I had the honor and privilege in August 2014 to meet Roddy, it was at a horror convention and Roddy was there for They Live but myself and pretty much everyone else was there because of his wrestling career. The line to meet him was literally wrapped around the building but no one complained and everyone was talking about Roddy’s best moments while we waited. I’ve only seen one other wrestler do this and that was Terry Funk, Roddy took the time to talk to every fan and made that fan feel like they were the most important person in the world to him at that moment and wasn’t concerned about the line at all because he would eventually get to everyone but for that moment he wanted to give you a special moment. Watching Roddy interact the same way whether it was a little kid that wanted to hold his HOF ring or a grown man that was marking out was great.
When it was finally my turn it was worth every minute of the wait because Roddy was so genuine and personable. He immediately told me he liked my shirt which of course was a Piper shirt and I said I had to wear it to meet you Roddy. A side note Roddy was the most reasonable meet and greet I have ever seen for someone at his level: $20 for a auto and $10 for a picture. About a year prior to meeting Roddy, I had bought an framed autograph piece online and I was telling Roddy about it because he inscribed it “I’m the reason Hulk Hogan’s got no hair”, Roddy stopped signing my autograph, smirked and said to me “I get in so much trouble for that shit”. We both had a laugh at that and he talked to me some more as I got my picture with him and treated me like he was a long lost friend and not just another fan. It was one of the coolest moments of my life and I will always cherish that experience. A lot of my favorite wrestlers have passed away over the years since I have been a fan but this one hurt the most for me because I actually had that experience with him and I truly cherish that I had that opportunity to meet him. I met a lot of legends at conventions but other than maybe Terry Funk none of them gave me that same interaction that Roddy did.
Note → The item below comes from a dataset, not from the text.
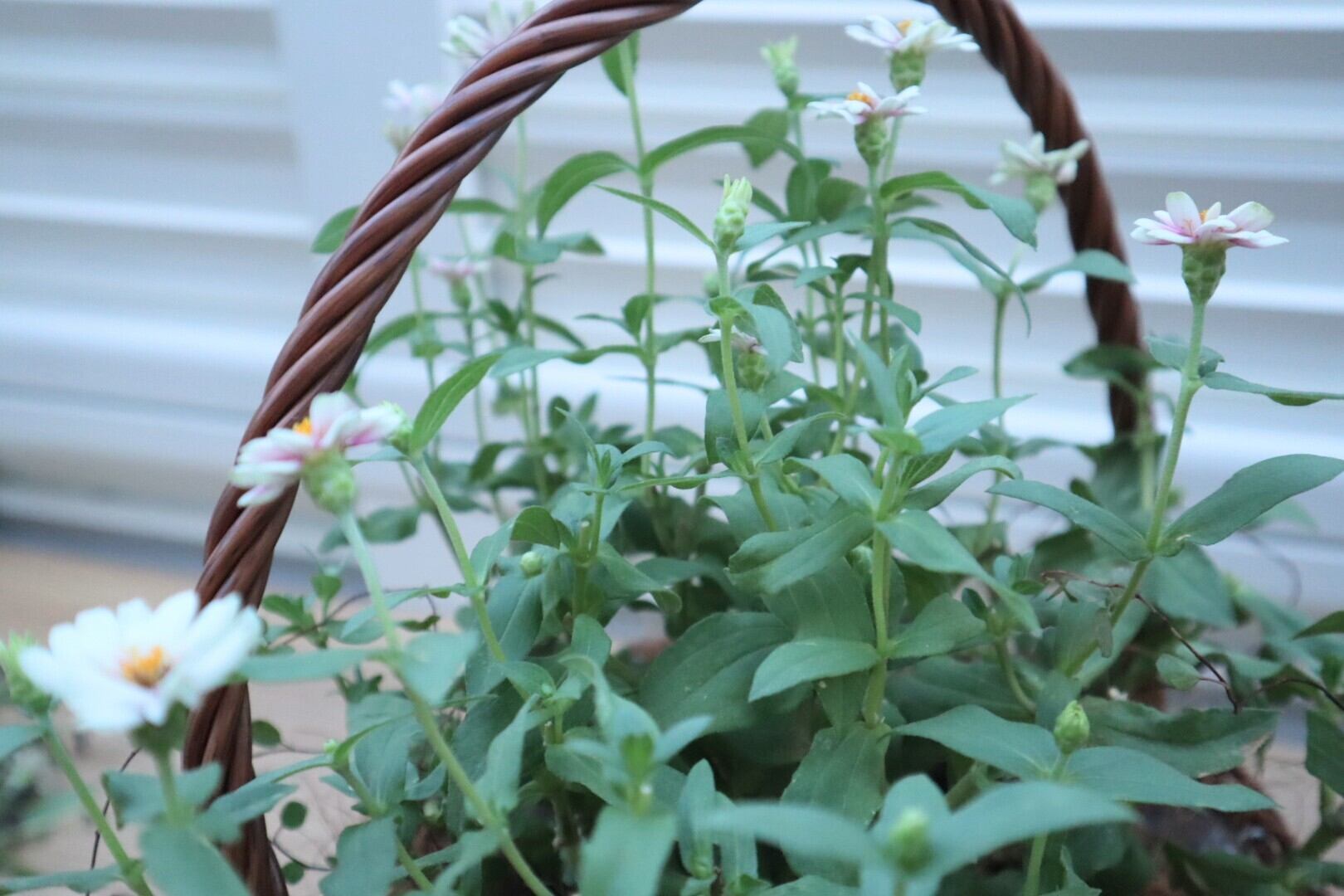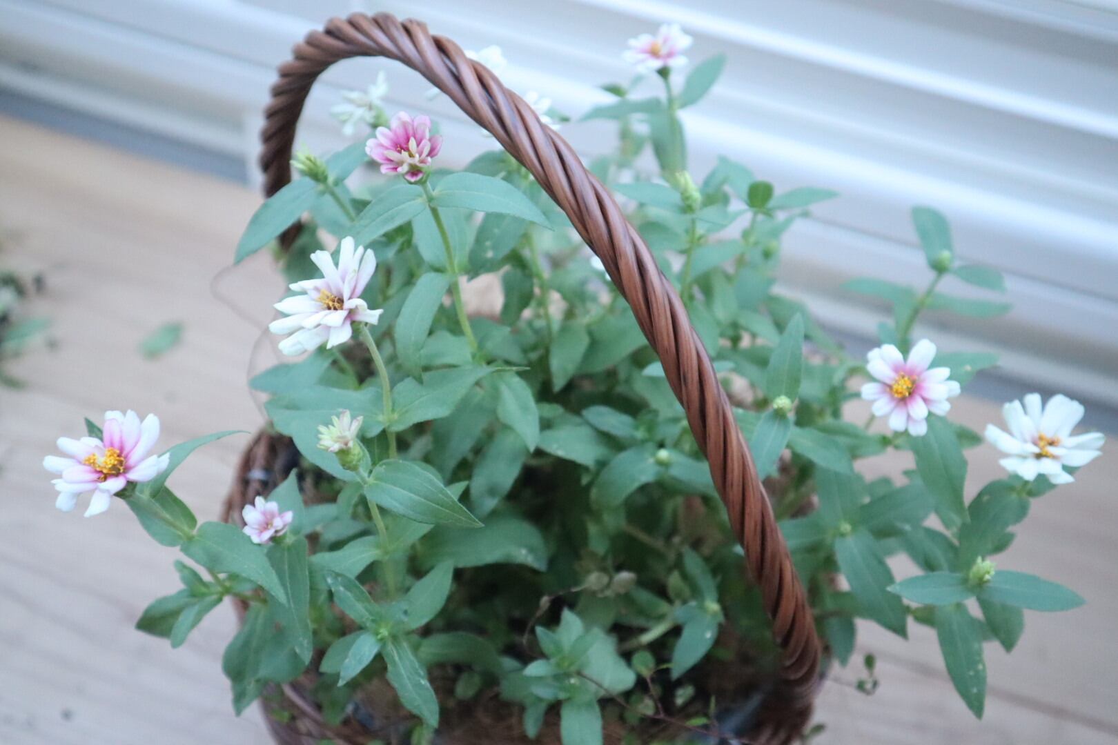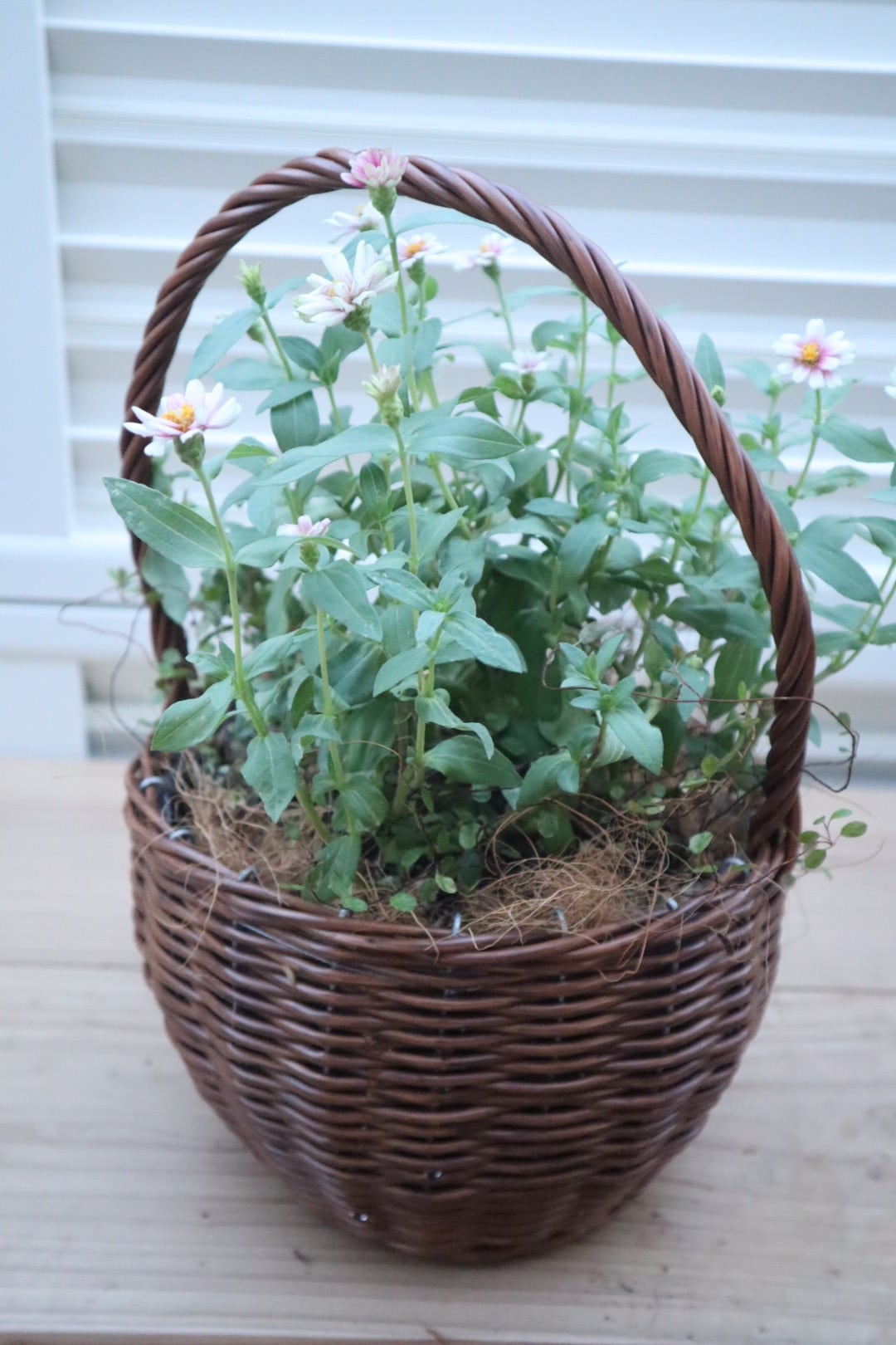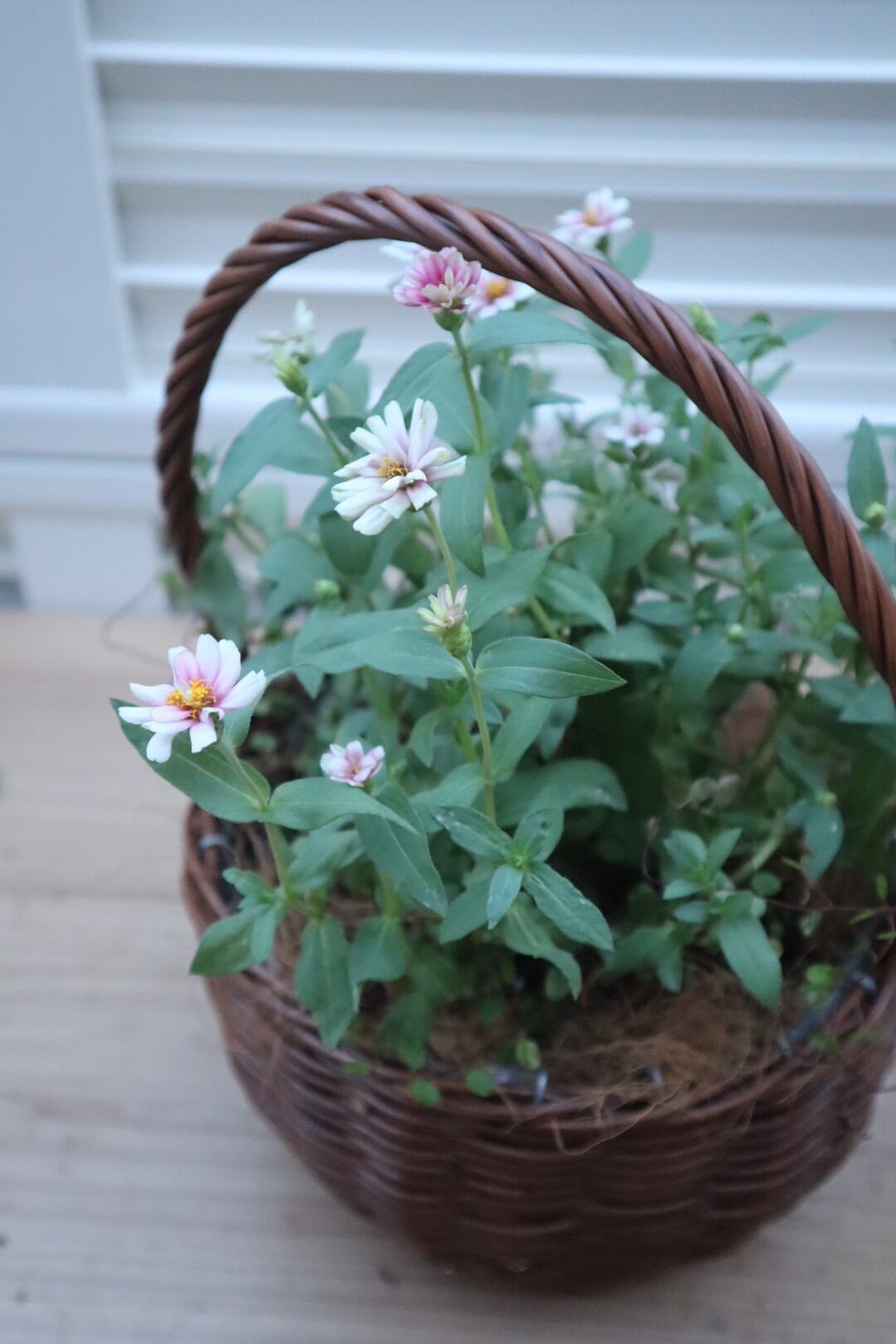 ラタン(籐)のブラウンバスケットに斑入りワイヤープランツがさりげなく寄り添って、ジニアの華やかな花色を引き立てています。

Roddy passed away July 31, 2015 and the outpouring of love for him was tremendous. WWE CEO Vince McMahon said, “Roddy Piper was one of the most entertaining, controversial and bombastic performers ever in WWE, beloved by millions of fans around the world. I extend my deepest condolences to his family.” Film director John Carpenter said, “Devastated to hear the news of my friend Roddy Piper’s passing today. He was a great wrestler, a masterful entertainer and a good friend.”. The next day I went to that same convention that I met Roddy at almost a year prior and myself and several other people were wearing Piper shirts in tribute to him. Ted DiBiase was there and he was crushed and he told me this one really hurts.
Over the years, Roddy’s legacy has continued to be celebrated whether it is new action figures, shirts, video games, documentaries or Ronda Rousey continuing to carry on the Rowdy name. Prior to his death Roddy had given Ronda his blessing to use the name and for her WWE debut at the 2018 Royal Rumble, Roddy’s son flew in for the show and allowed Ronda to wear Roddy’s jacket to the ring. Roddy even received a WWE statue in his honor.
Thank you Roddy for all of the moments in the Pit, in the ring and most of all for the experience I had meeting you. You are the greatest talker in wrestling history and will always hold a special place in mine and fans around the world hearts. You are a GOAT and your legacy will continue to be remembered.
One of my favorite Piper moments was the week before I met Roddy, he appeared on Raw and at the age of 60 and did not back down from the beast known as Brock Lesnar:
- Big Time Wrestling (San Francisco)
- Cauliflower Alley Club
- Reel Member Inductee (2001)
- George Tragos/Lou Thesz Professional Wrestling Hall of Fame
- Class of 2008
- Mid-Atlantic Championship Wrestling/World Championship Wrestling
- NWA All-Star Wrestling
- NWA Hollywood Wrestling
- Pacific Northwest Wrestling
- Pro Wrestling Guerrilla
- Legends Battle Royal (2011)
- Pro Wrestling Illustrated
- Inspirational Wrestler of the Year (1982)
- Match of the Year (1985) with Paul Orndorff vs. Hulk Hogan and Mr. T at WrestleMania I
- Most Hated Wrestler of the Year (1984, 1985)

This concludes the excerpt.